Email is a funny thing.
You can have conversations with people anywhere in the world, and develop a social relationship without ever seeing their faces or hearing their voices.
Carol is such a person.
I’ve known her in the digital communication sense for quite some time.
She sent an email the other day, advising me that she had read my latest column and it did not make her laugh.
I explained that sometimes, there is serious stuff going on that requires editorial comment, like politics and homelessness and such, which can suck the humour out of a drunk circus clown.
She was unimpressed. She wanted to laugh, and suggested I ought to get to work on reconnecting with my inner mirth the following week.
I explained that I was actually going to be away on a fishing trip with a buddy.
She emailed back that she hoped something funny would happen, and I could write about that.
(Carol can be a bit of a taskmaster.)
So I said I’d be sure to tell my fishing partner, although I imagined it could develop into a peculiar conversation:
Carol wants you to do something “funny.”
– Who’s Carol?
A lady I chat with online. She likes to laugh.

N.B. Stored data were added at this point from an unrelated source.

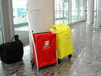 | これはなにか、と申しますと、会場でこんなカートを 「タダ」で配ってるメーカーがあるのです。プレスキットが かさばるので大変に重宝。 奥の黄色いのは、ミシュランが配布したもの。手前のはセアト。 ミシュランが入り口付近で配られていたため、 始めはほとんど のプレスがこれを引っ張ってましたが、「ただの袋にぐらぐら のタイヤがついただけ」で、非常に扱いにくい。 やがて、奥でセアトがもっといいのを配ってる、 というのがわかり、皆さん大急ぎで入手し重たい資料 を移し変える光景があちこちで展開しました。このセアト、 アルミフレームによく転がるタイヤで、みんなに非常に好評 を博していました。 |
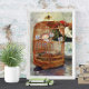 A fine art poster of the painting, The Cage (1885) by Berhe Morisot (1841-1895), a French Impressionist artist and one of "Les Trois Grandes Dames of Impressionism." This painting depicts a wicker Victorian birdcage with two lovebirds inside, with a vase of flowers behind it.
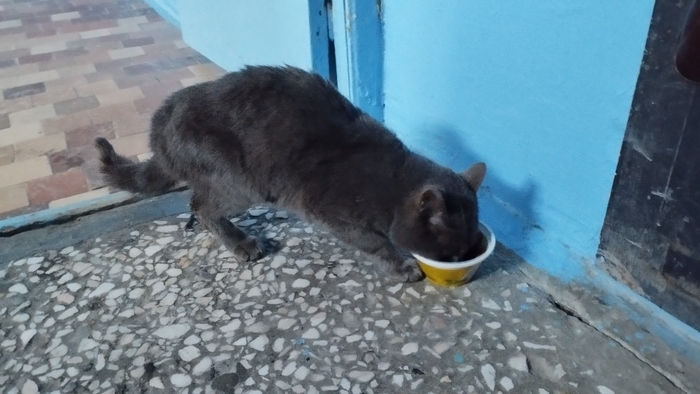 Взяв бродягу на руки, я понесла его в свой подъезд. Кот мяукал то ли возмущённо, то ли с вопросительной интонацией. Рядом с лестницей, у нас есть площадка с батареей, где можно спокойно всё обдумать. Там я и провела следующие полчаса в поисках его дома. Дала мягкий корм из пакетика, совсем чуть-чуть, чтобы не стало плохо от переедания с голодухи. Бедняга стал так жадно глотать и трястись, что я утвердилась в правильности своего поступка. В этот момент я сделала фотографию:
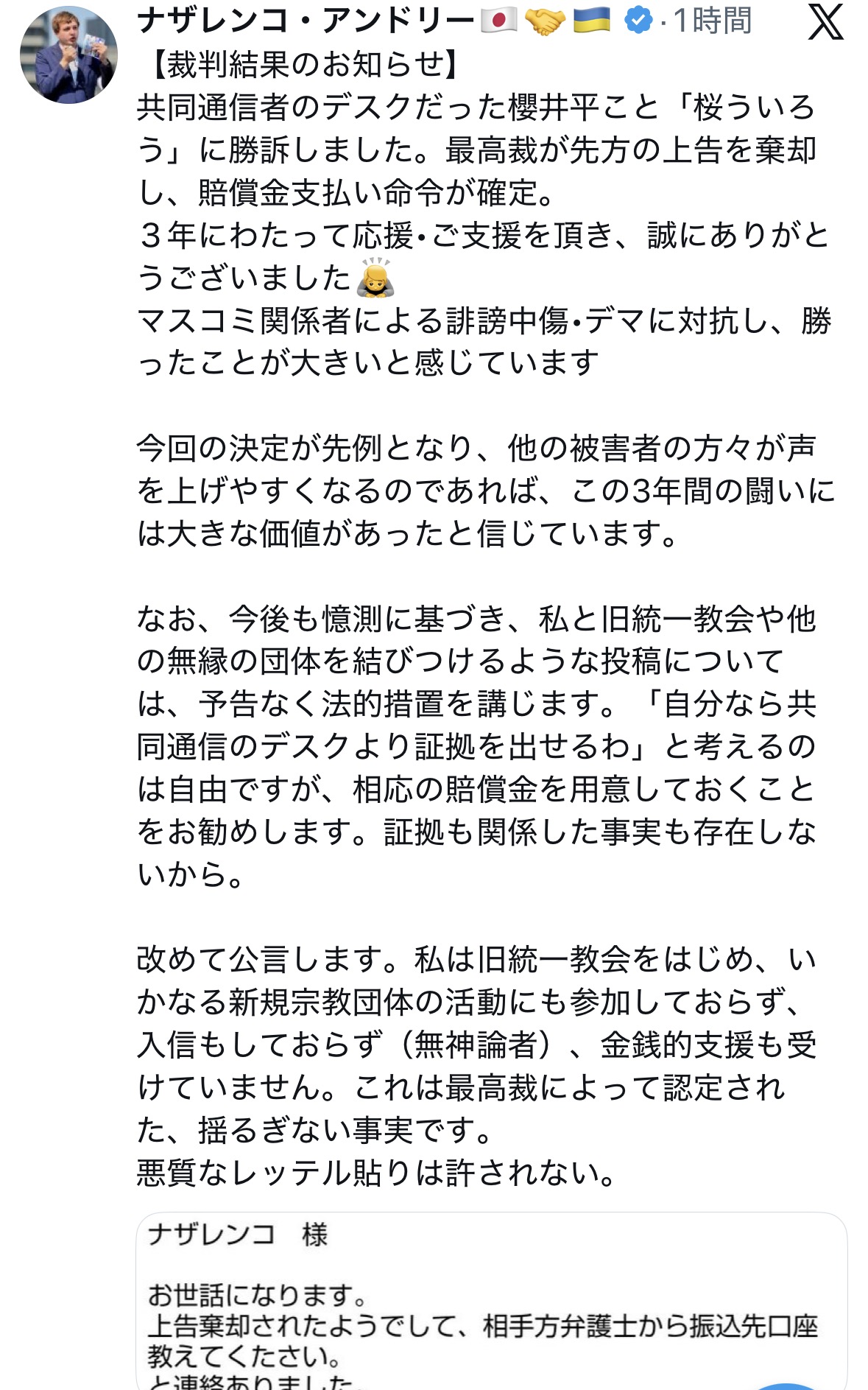 共同通信者のデスクだった櫻井平こと「桜ういろう」に勝訴しました。最高裁が先方の上告を棄却し、賠償金支払い命令が確定。
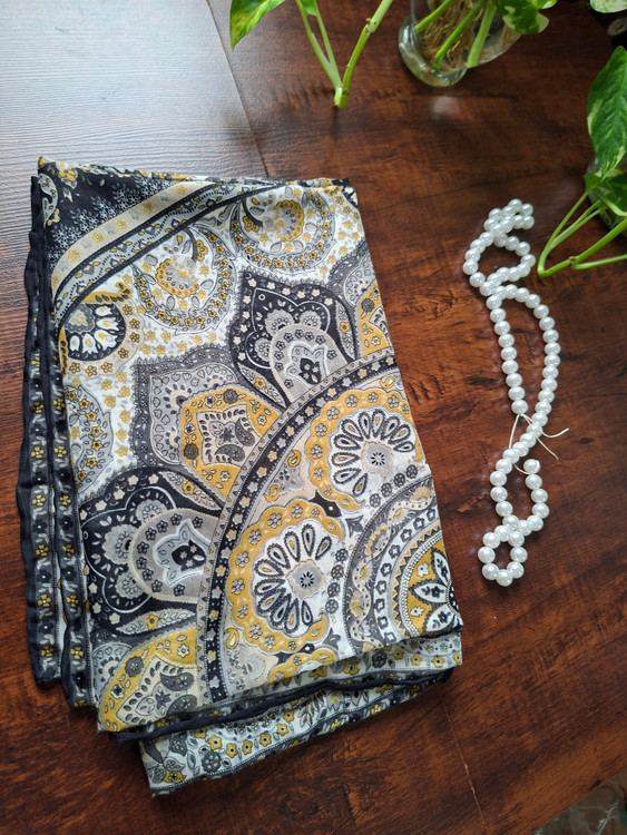 روسری زنانه،جنس حریر نخ طرحدار، دور دست دوز، روی سر لیز نمی خورد. روسری عرض ۱۱۰
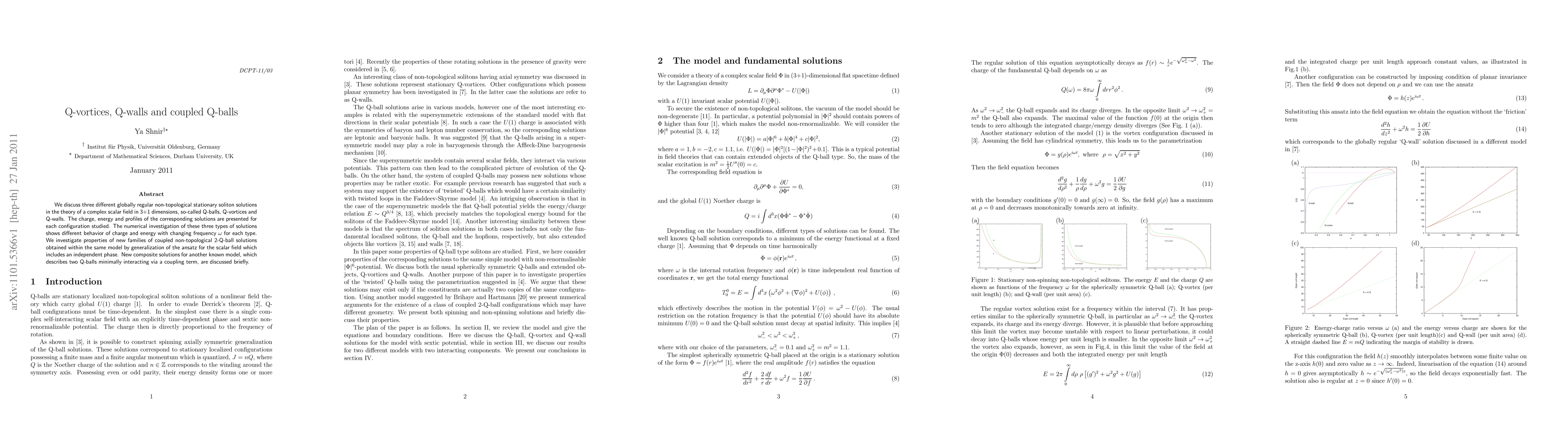 We discuss three different globally regular non-topological stationary soliton solutions in the theory of a complex scalar field in 3+1 dimensions, so-called Q-balls, Q-vortices and Q-walls. The charge, energy and profiles of the corresponding solutions are presented for each configuration studied. The numerical investigation of these three types of solutions shows different behavior of charge and energy with changing frequency for each type. We investigate properties of new families of coupled non-topological 2-Q-ball solutions obtained within the same model by generalization of the ansatz for the scalar field which includes an independent phase. New composite solutions for another known model, which describes two Q-balls minimally interacting via a coupling term, are discussed briefly.
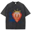 Codzienne damskie T-shirty Acid Wash Świeże nadruki truskawkowe Topy Postarzane Oversize Bawełniane koszulki Trend Damskie ubrania

– Chat with online … like a dating site?
No, no. Email.
– Well, how did you meet her?
Actually, I never have met her.
– Umm… isn’t that a little weird?
I don’t know, you’d have to ask Carol. But my wife has met her.
– Oh dude, now that is weird. So what does she do?
Who, my wife?
– No, this Carol!
She sends me legal stuff for work, and we kibbitz back and forth by email. She has a good sense of humour.
– How long has this been going on?
A couple of years now.
– A couple of years??! Does your wife know about this?
– And how does she feel about it?
I’ve never asked her. But I’m sure she’s OK with it.
– Do you ever intend to meet this person?
Who, my wife? I’ve met her.
– Oh fer … no! Carol!
Yes. I really should. Her office is not far from mine.
– So why haven’t you?
That’s a good question. You know how you can be emailing with someone you’ve never met, but after awhile it just seems like you know them? Sort of like cyber-friends?
– Uh, no…
I guess it’s hard to explain.
– Is she married? And if you say ‘Who, my wife?’ I’m going to whack you with a paddle.
Yes, I believe she is. But you’re getting the wrong idea.
– Oh gosh, no. How could I get any wrong ideas? You have an online chatty relationship with a married laughing woman who sends you legal stuff, whom you have never met but your wife has…
Yeah, that’s pretty much it.
– I would like to get out of this boat now… my head hurts.
OK. But don’t forget, Carol wants you to do something funny.
– Oh, there’s something funny here, all right. As in funny strange, not funny ha ha.
I’ll email Carol and tell her you said that. It’ll give her a laugh.